Association Between Evolutionary Change in 5′ UTR Length and Reprogramming of Gene Expression

If 5′ UTR length is important for fine regulation of gene expression, it is reasonable to speculate that evolutionary change in 5′ UTR length has contributed to the divergence of gene expression. To test this hypothesis, we calculated the differences in 5′ UTR length and in ECC values between S. cerevisiae and C. albicans for 78 coherent GO groups that are shared by the two species. As shown in figure 2, the increase in 5′ UTR length is strongly correlated with the decrease in ECC (R = −0.64, P value = 2.84×10−10), suggesting that changes in 5′ UTR length have contributed to reprogramming of gene expression. Because the differences in 5′ UTR length between the two species in most GO groups are <20 bp and most ECC changes are less than 0.3, we focused on those GO groups with larger changes in 5′ UTR length (>20 bp) and ECC (>0.3). The distribution of GO groups with large ECC changes in S. cerevisiae are negatively skewed (reduced ECC), suggesting that the expression of these genes in S. cerevisiae has become more variable over different conditions compared with C. albicans, similar to a switch from growth-related genes to stress-related genes. Interestingly, all these GO groups with a reduced ECC are associated with a 5′ UTR length increase (fig. 2). Among the 11 GO groups with larger increases in 5′ UTR length (>20 bp) and more decreases in ECC (<−0.3) in S. cerevisiae, nine are involved in S. cerevisiae mitochondrial respiration and energy production (table 1 and supplementary table S5, Supplementary Material online). The average 5′ UTR lengths of some GO groups have even increased >100% in S. cerevisiae, such as GO:0046933 (124.8%) and GO:0005753 (109%).

FIG. 2.

FIG. 2.

Association of reduced ECC with 5′ UTR length increase. The changes in 5′ UTR length from Candida albicans to Saccharomyces cerevisiae in 78 shared GO groups are plotted against ECC changes. The increase in 5′ UTR length in S. cerevisiae is strongly correlated with the decrease in ECC. The 11 GO groups with the most significant changes in 5′ UTR length (>20 bp) and in ECC (<−0.3) since the divergence between the S. cerevisiae and C. albicans lineages are shaded in gray.

Table 1.

The 11 GO Groups That Show a Large Increase in 5′ UTR Length and a Reduced ECC in Saccharomyces cerevisiae Since Its Divergence from Candida albicans.
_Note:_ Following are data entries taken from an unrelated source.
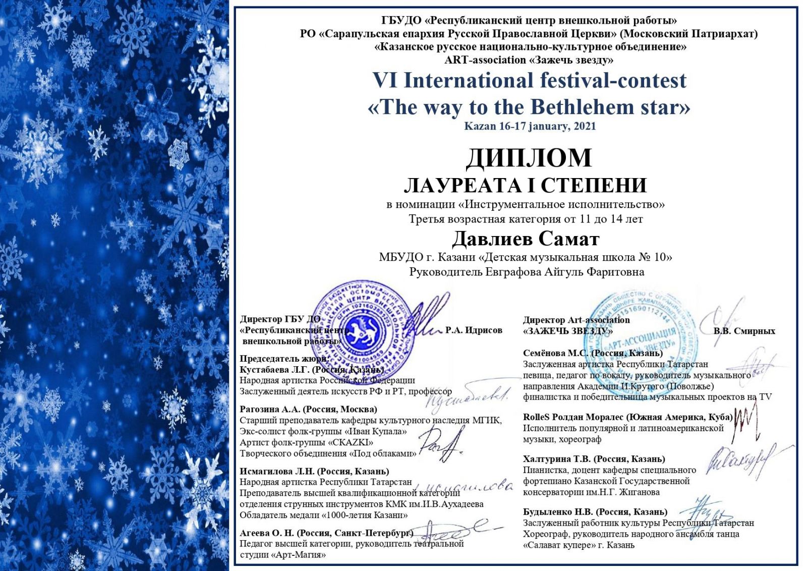16-17 января в г. Казань проходил IV Международный конкурс "Путь к Вифлеемской звезде", на котором ученик нашей школы Давлеев Самат (класс преподавателя Евграфовой А.Ф.) завоевал диплом лауреата I степени. Поздравляем Самата и его преподавателя Евграфову А.Ф. с очередным блестящим выступлением и победой на конкурсе и желаем дальнейших творческих побед! Администрация школы выражает благодарность преподавателю Евграфовой А.Ф.за подготовку учащегося к конкурсу.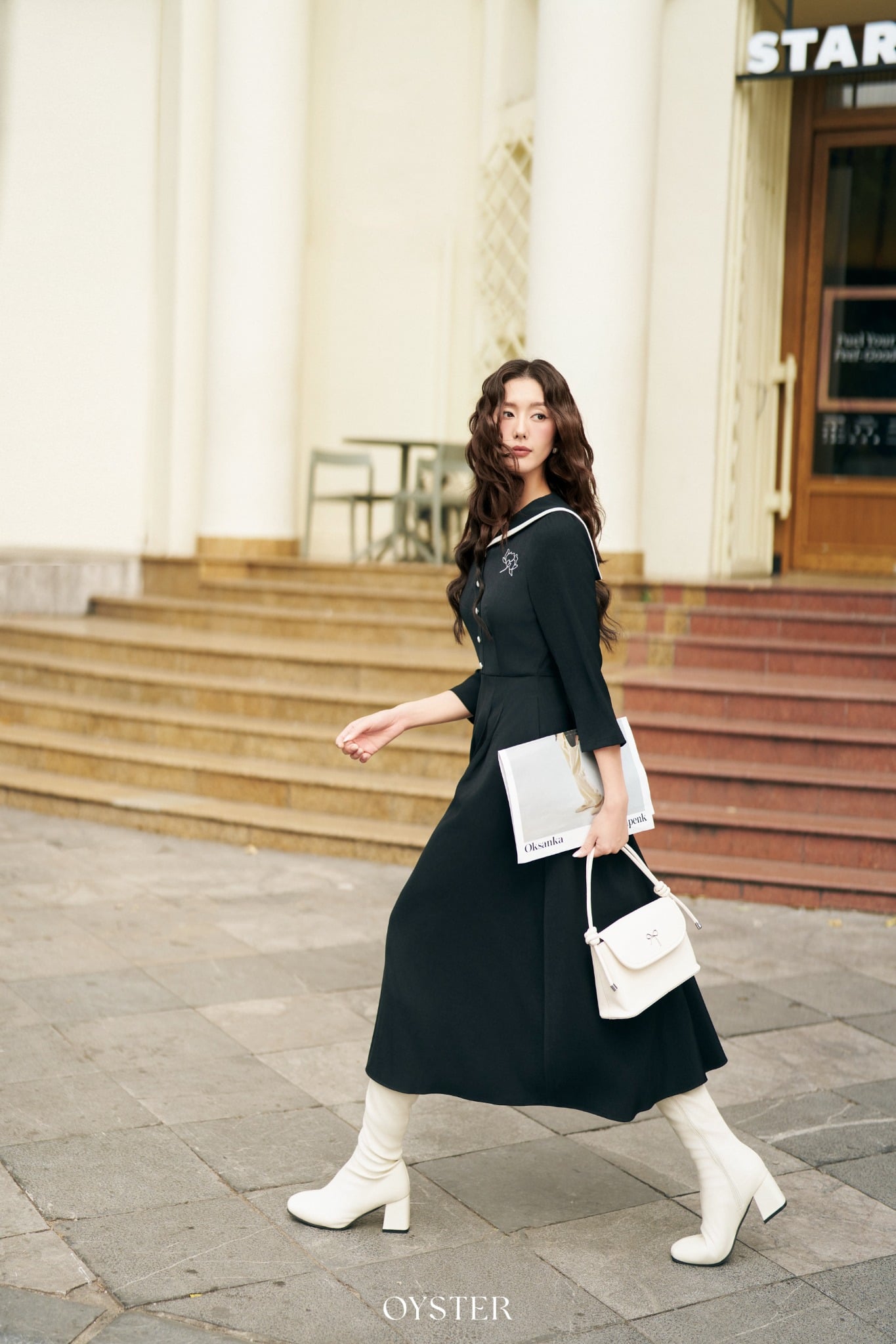 * Kiểu dáng: váy liền cổ thủy thủ cách điệu, tay dài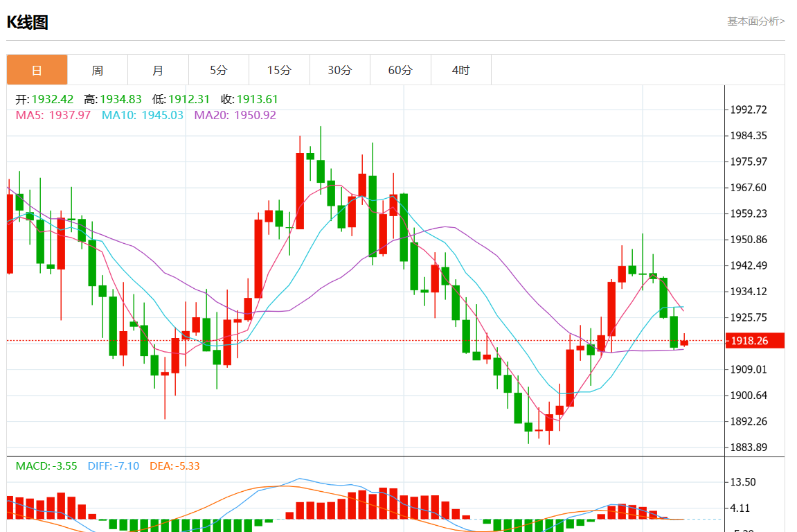 周四欧市盘中,现货黄金报1918.66,涨幅0.13%。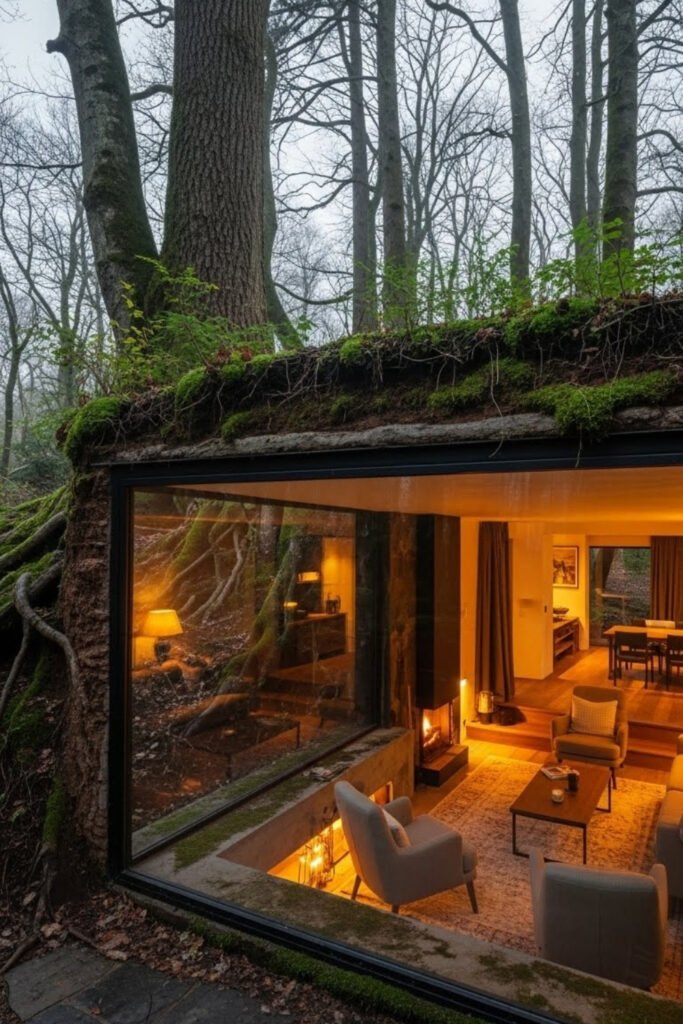 Only the front façade stays visible, often with wood and glass. This idea works best on sloped forest land and creates a quiet, protected living space that feels grounded and secure.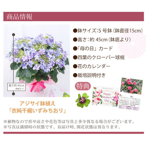 母の日に合わせてお届けする、季節限定のアジサイ鉢植えです。

GO ID GO Annotation ECC Changea 5′ UTR Length Change (bp) % Length Changeb
GO:0005746c Mitochondrial respiratory chain −0.53 29.30 31.5
GO:0070469c Respiratory chain −0.51 24.85 26.7
GO:0022904c Respiratory electron transport chain −0.49 23.01 25.2
GO:0042773c ATP synthesis coupled electron transport −0.49 23.01 25.2
GO:0042775c Mitochondrial ATP synthesis coupled electron transport −0.49 23.01 25.2
GO:0005753c Mitochondrial proton-transporting ATP synthase complex −0.40 50.91 109.0
GO:0045259c Proton-transporting ATP synthase complex −0.40 50.91 109.0
GO:0051187 Cofactor catabolic process −0.34 61.35 70.5
GO:0006119c Oxidative phosphorylation −0.33 34.17 47.4
GO:0046933c Hydrogen ion transporting ATP synthase activity, rotational mechanism −0.33 55.61 124.8
GO:0009109 Coenzyme catabolic process −0.31 46.85 52.6
a

The GO groups are arranged in the decreasing order of the change in ECC.

b

The percent change in length is with respect to the 5′ UTR length of the gene in C. albicans.

c

GO groups involved in the mitochondrial respiration process.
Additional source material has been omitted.